The Fifth District Court of Appeal certified the following question to the Florida Supreme Court as one of great public importance: Whether the analysis and decision in Worley should also apply to preclude a defense law firm that is not a party to the litigation from having to disclose its financial relationship with experts it retains for purposes of litigation including those that perform compulsory medical examinations under Florida Rule Of Civil Procedure 1.360?

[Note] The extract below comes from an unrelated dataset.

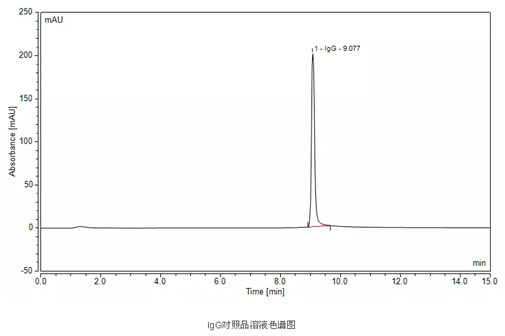 分析結(jié)果表明,IgG與前面雜質(zhì)峰的分離度Rs為18.99,兩次進(jìn)樣測(cè)定結(jié)果的算數(shù)平均差值與算術(shù)平值比值為0.26%,完全滿足國標(biāo)中規(guī)定的檢測(cè)要求。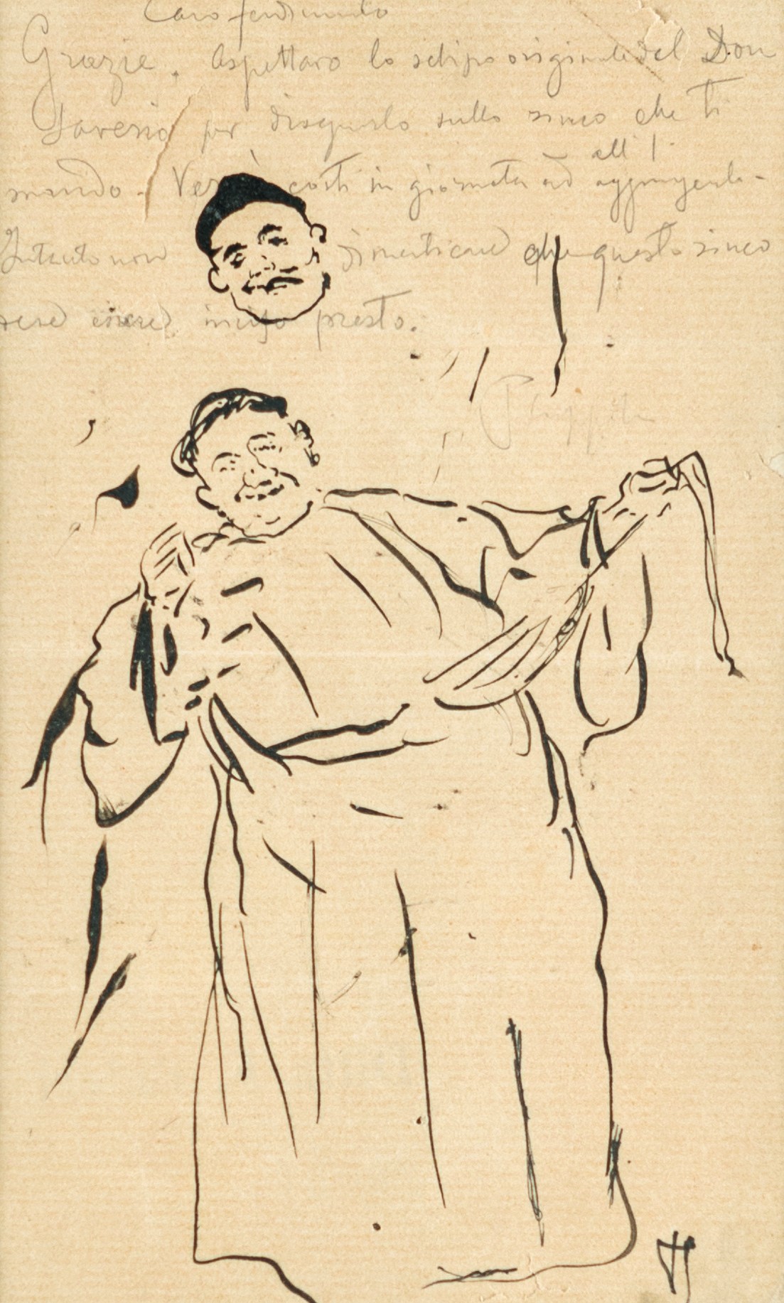 Pietro Scoppetta (Amalfi 1863-Napoli 1920) Studio per Frate inchiostro su...

The petitioner appealed a discovery order entered by the trial court compelling defense counsel and defense counsel’s law firm to disclose the number of times it had retained its expert witness and how much they paid him over the past three years. The Fifth District denied certiorari review as it was not a departure from the essential requirements of law. In Vazquez v. Martinez, 175 So. 3d 372, 373-74 (Fla. 5th DCA 2015), this type of financial information is discoverable “to assist counsel in impeaching examining physicians and other experts by demonstrating that the expert has economic ties to the insurance company or defense law firm.” On the other hand, the Florida Supreme Court in Worley v. Central Florida Young Men’s Christian Ass’n, 228 So. 3d 18 (Fla. 2017) protected a plaintiff from disclosing whether an attorney referred him to a doctor for treatment or a law firm from producing documents related to a possible referral relationship between the law firm and the physician, arguing that it violated attorney-client privilege. Acknowledging that the current state of the law treats litigants unequally, this issue was certified to the Florida Supreme Court for their opinion.